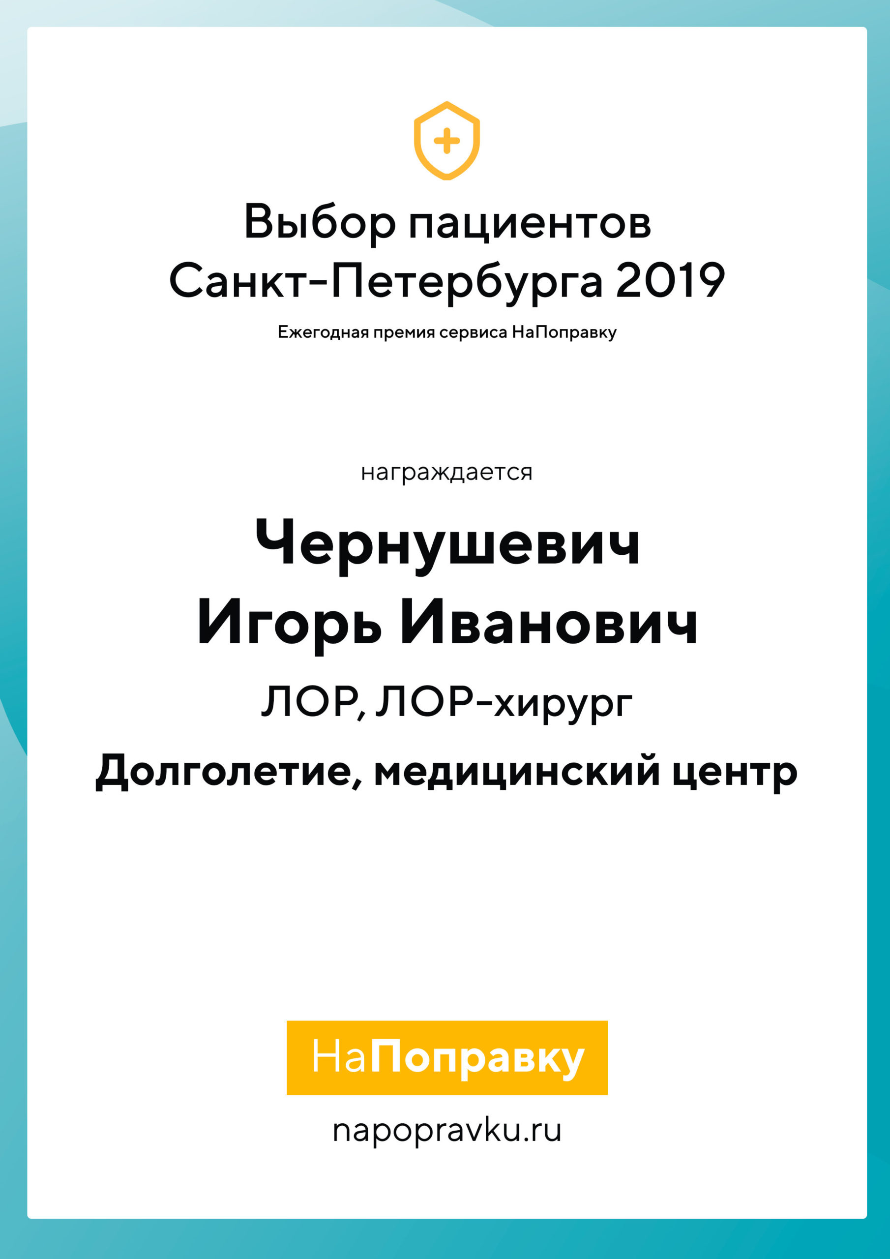 Чернушевич Игорь Иванович: врач оториноларинголог, запись на прием, цены в клинике «Долголетие» в СПБ
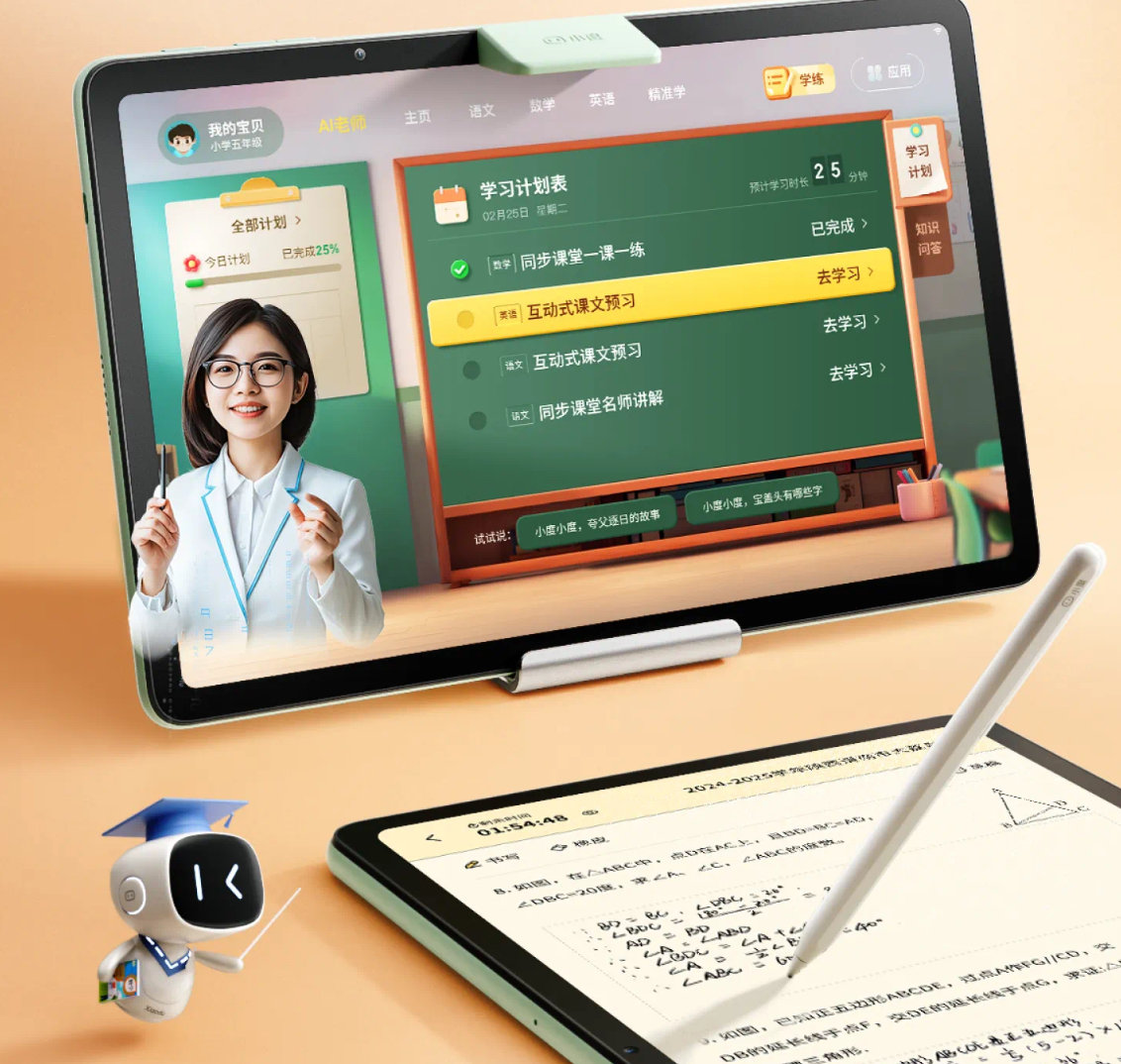 根据官方推文,此次学练机中的AI老师将为青少年提供1对1板书互动讲解、定制学习计划、互动体验式预习和互动课堂等服务。
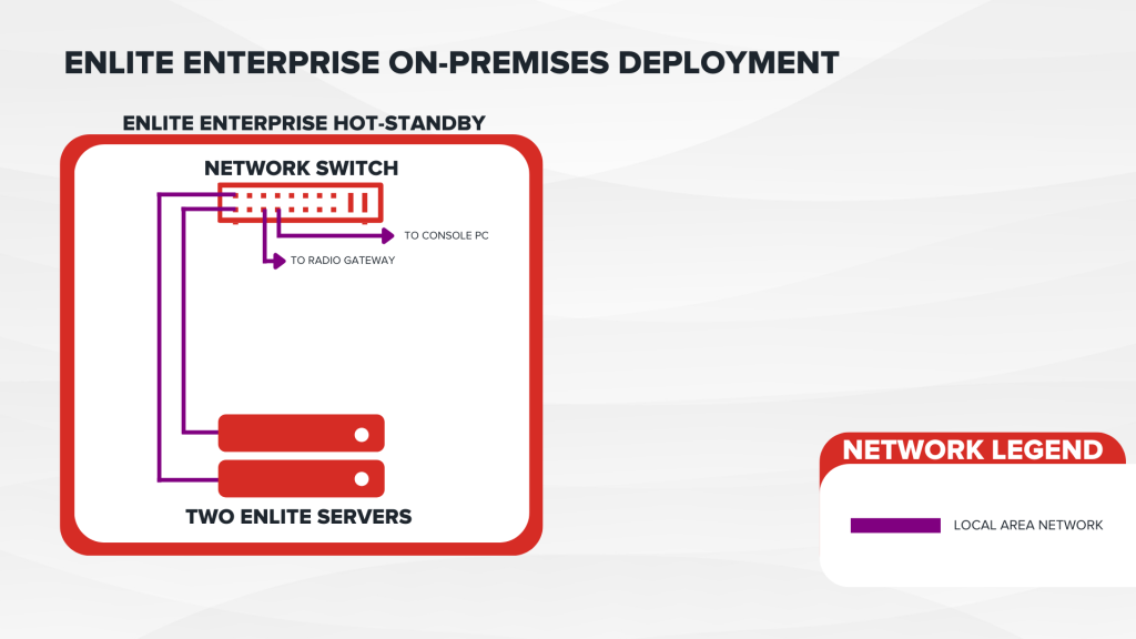 The diagram below showcases an on-premises deployment of Enlite utilizing a traditional redundant hot standby server architecture. In case of a server failure, the previously active server switches to the other to ensure efficient failover. When this takes place, there is minimal disruption to the dispatcher as the next server becomes active.

What to produce: Leaving out the pictures, restate the listing above exactly.

Output for this exercise:
 Чернушевич Игорь Иванович: врач оториноларинголог, запись на прием, цены в клинике «Долголетие» в СПБ
 根据官方推文,此次学练机中的AI老师将为青少年提供1对1板书互动讲解、定制学习计划、互动体验式预习和互动课堂等服务。
 The diagram below showcases an on-premises deployment of Enlite utilizing a traditional redundant hot standby server architecture. In case of a server failure, the previously active server switches to the other to ensure efficient failover. When this takes place, there is minimal disruption to the dispatcher as the next server becomes active.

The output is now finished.